[Available data — start]

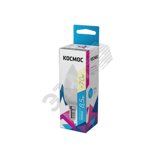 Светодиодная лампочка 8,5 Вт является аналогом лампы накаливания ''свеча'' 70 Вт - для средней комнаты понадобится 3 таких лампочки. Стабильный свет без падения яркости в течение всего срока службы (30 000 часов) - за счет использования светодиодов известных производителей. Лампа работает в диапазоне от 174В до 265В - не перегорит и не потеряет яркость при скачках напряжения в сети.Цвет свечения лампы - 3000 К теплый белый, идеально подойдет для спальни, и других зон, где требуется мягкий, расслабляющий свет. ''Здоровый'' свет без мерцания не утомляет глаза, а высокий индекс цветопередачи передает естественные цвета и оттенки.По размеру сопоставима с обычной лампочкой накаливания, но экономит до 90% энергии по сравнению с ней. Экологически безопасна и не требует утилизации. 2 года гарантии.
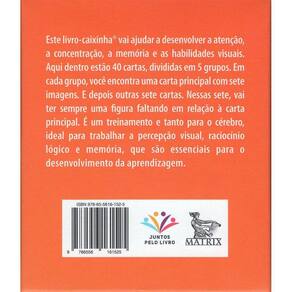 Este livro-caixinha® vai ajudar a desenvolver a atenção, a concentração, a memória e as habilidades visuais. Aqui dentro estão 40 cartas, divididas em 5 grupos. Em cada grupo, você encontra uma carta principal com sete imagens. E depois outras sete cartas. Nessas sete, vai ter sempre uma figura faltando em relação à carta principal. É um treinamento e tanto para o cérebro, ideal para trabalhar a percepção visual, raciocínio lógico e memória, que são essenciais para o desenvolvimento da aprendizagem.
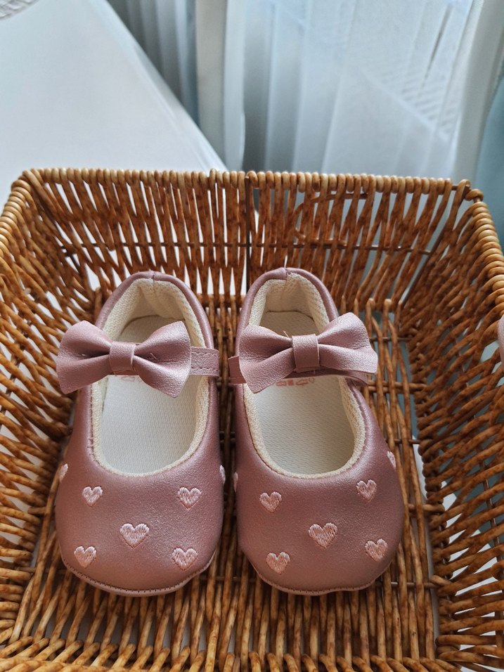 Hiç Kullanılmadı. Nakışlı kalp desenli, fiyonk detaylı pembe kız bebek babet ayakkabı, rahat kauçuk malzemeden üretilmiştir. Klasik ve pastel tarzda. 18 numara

[Available data — finish]
[Available data — start]

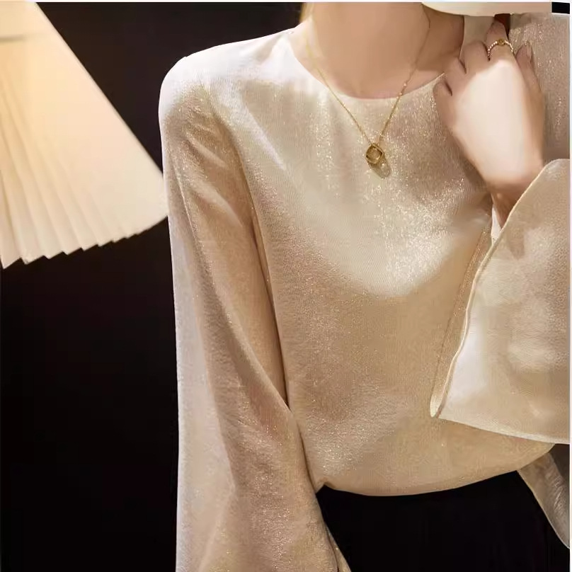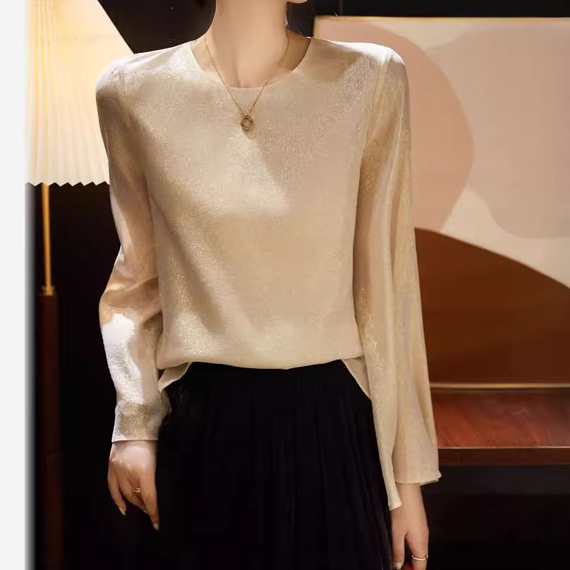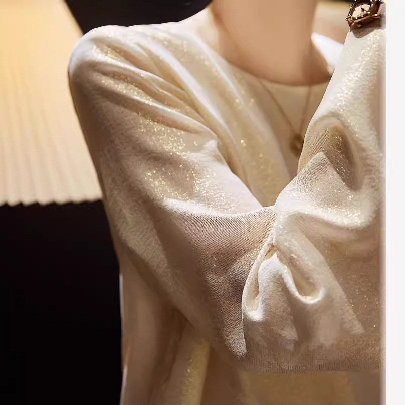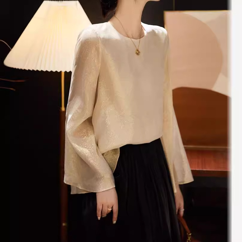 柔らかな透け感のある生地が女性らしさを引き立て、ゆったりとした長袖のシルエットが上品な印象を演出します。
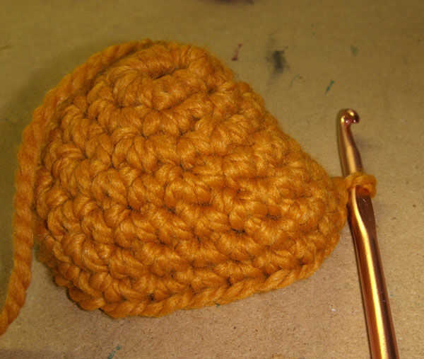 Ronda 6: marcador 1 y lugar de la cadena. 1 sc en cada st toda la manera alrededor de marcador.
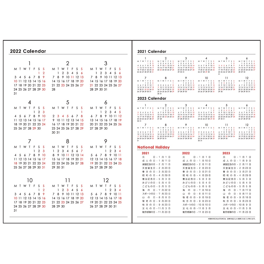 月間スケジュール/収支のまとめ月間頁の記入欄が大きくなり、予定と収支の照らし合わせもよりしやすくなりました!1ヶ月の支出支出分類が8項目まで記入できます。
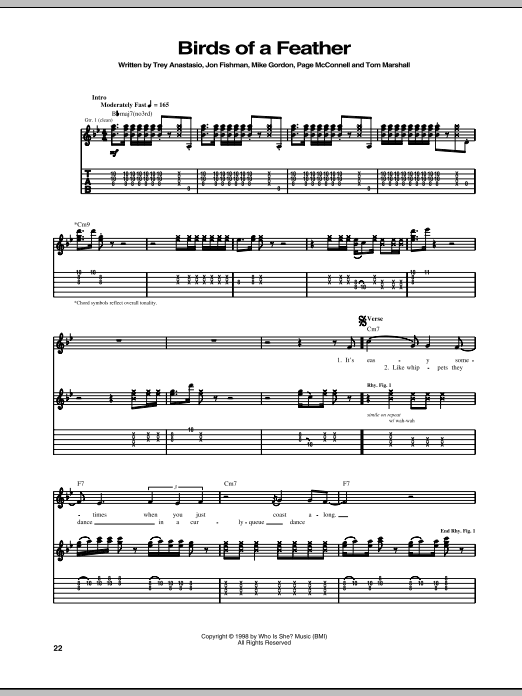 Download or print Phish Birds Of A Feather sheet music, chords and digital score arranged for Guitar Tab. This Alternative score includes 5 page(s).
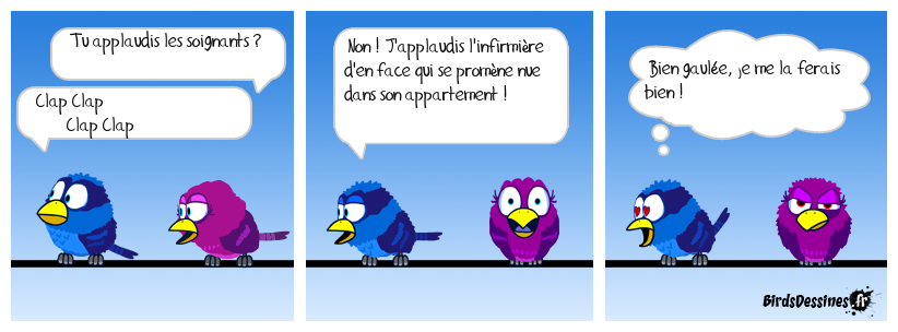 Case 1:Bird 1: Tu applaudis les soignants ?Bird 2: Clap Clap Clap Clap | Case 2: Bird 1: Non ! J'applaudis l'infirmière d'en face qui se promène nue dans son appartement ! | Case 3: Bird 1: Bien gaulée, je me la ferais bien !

[Available data — finish]

Only the lines starting at the one with "Светодиодная лампочка 8,5" and ending at the one with "Hiç Kullanılmadı. Nakışlı" should be printed, each exactly as it appears in the material above; the pictures are to be omitted.

■ **Worked solution**:
 Светодиодная лампочка 8,5 Вт является аналогом лампы накаливания ''свеча'' 70 Вт - для средней комнаты понадобится 3 таких лампочки. Стабильный свет без падения яркости в течение всего срока службы (30 000 часов) - за счет использования светодиодов известных производителей. Лампа работает в диапазоне от 174В до 265В - не перегорит и не потеряет яркость при скачках напряжения в сети.Цвет свечения лампы - 3000 К теплый белый, идеально подойдет для спальни, и других зон, где требуется мягкий, расслабляющий свет. ''Здоровый'' свет без мерцания не утомляет глаза, а высокий индекс цветопередачи передает естественные цвета и оттенки.По размеру сопоставима с обычной лампочкой накаливания, но экономит до 90% энергии по сравнению с ней. Экологически безопасна и не требует утилизации. 2 года гарантии.
 Este livro-caixinha® vai ajudar a desenvolver a atenção, a concentração, a memória e as habilidades visuais. Aqui dentro estão 40 cartas, divididas em 5 grupos. Em cada grupo, você encontra uma carta principal com sete imagens. E depois outras sete cartas. Nessas sete, vai ter sempre uma figura faltando em relação à carta principal. É um treinamento e tanto para o cérebro, ideal para trabalhar a percepção visual, raciocínio lógico e memória, que são essenciais para o desenvolvimento da aprendizagem.
 Hiç Kullanılmadı. Nakışlı kalp desenli, fiyonk detaylı pembe kız bebek babet ayakkabı, rahat kauçuk malzemeden üretilmiştir. Klasik ve pastel tarzda. 18 numara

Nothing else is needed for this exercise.